Mljet is the island most known for its spectacular forests. Intact nature led to the proclamation of the western side of the island as a National park and it includes two salt lakes, Veliko jezero (The Great Lake) and Malo jezero (The Small Lake), Soline Bay and a seaside belt 500 m wide.Contact us
The word Melita – Melite in Greek has the same meaning as the Latin word for honey – mell, Mellis. In the past, its woods were inhabited by many swarms of bees. Located on the Isle of St Mary, which is situated in the southern part of the Great Lake is the Benedictine monastery and the Church of Saint Mary built approximately in the 12th century. Even though the church changed its appearance under the influence of different architectural styles it remained Romanesque in its initial structure and design.

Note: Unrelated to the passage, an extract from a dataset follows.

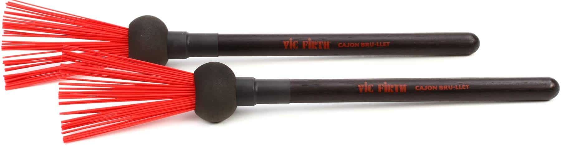 El Cajon bru-llet combina elementos de un cepillo y un mazo para traducir brillantemente tanto los tonos de palmada como los tonos de bajo al Cajon. Mango de nogal con cerdas de plástico de rigidez media y una cabeza de mazo de 1 1 2 hecha de espuma de XL PE. Se vende en pares.

In historical times, the entire island of Mljet was inhabited by the Illyrians. The Greeks stayed there to escape the bad weather while traveling to the town of Lumbarda, located on the island of Korčula.

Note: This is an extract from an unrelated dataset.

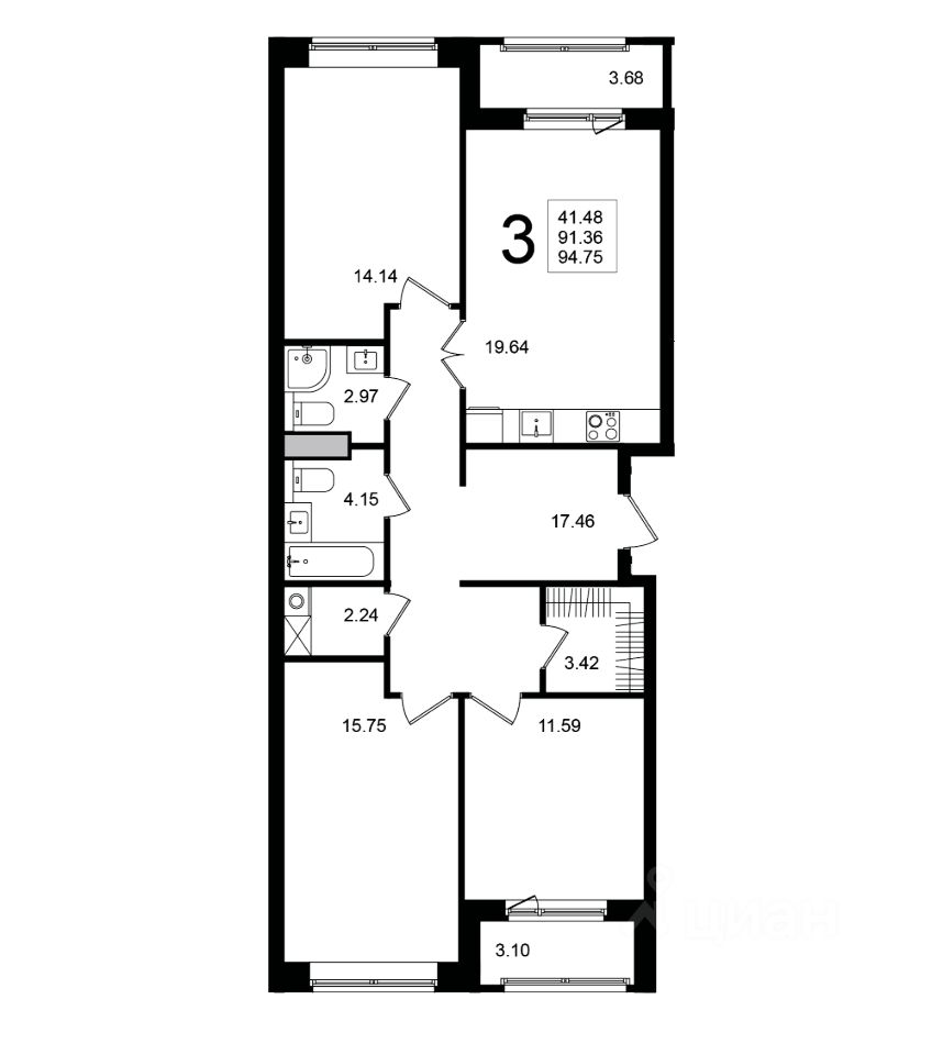 Продаётся 3-комнатная квартира в строящемся доме (Корпус 6), срок сдачи: 2-кв. 2026, общей площадью 94.75 кв.м., на 1 этаже.

However, the island was mostly influenced by the Romans whose archeological remnants are still visible. The most renowned ones are the ruins of the palace from the 5th century in the harbor of Polače, located in the western part of the northern coast of the island of Mljet.
A palace is a fortification unit that consists of the palace, thermal baths, two early Christian basilicas, arsenal and storage for galleys. Around the whole port of Polače there are still parts of columns used for tying the galleys.
The bay of Polače is the largest bay and it is secluded by four small islands: Tajnik, Moračnik, Ovrata, and Kobrava. Because of this sheltered positions, it is popular among sailors who often do their anchorage here.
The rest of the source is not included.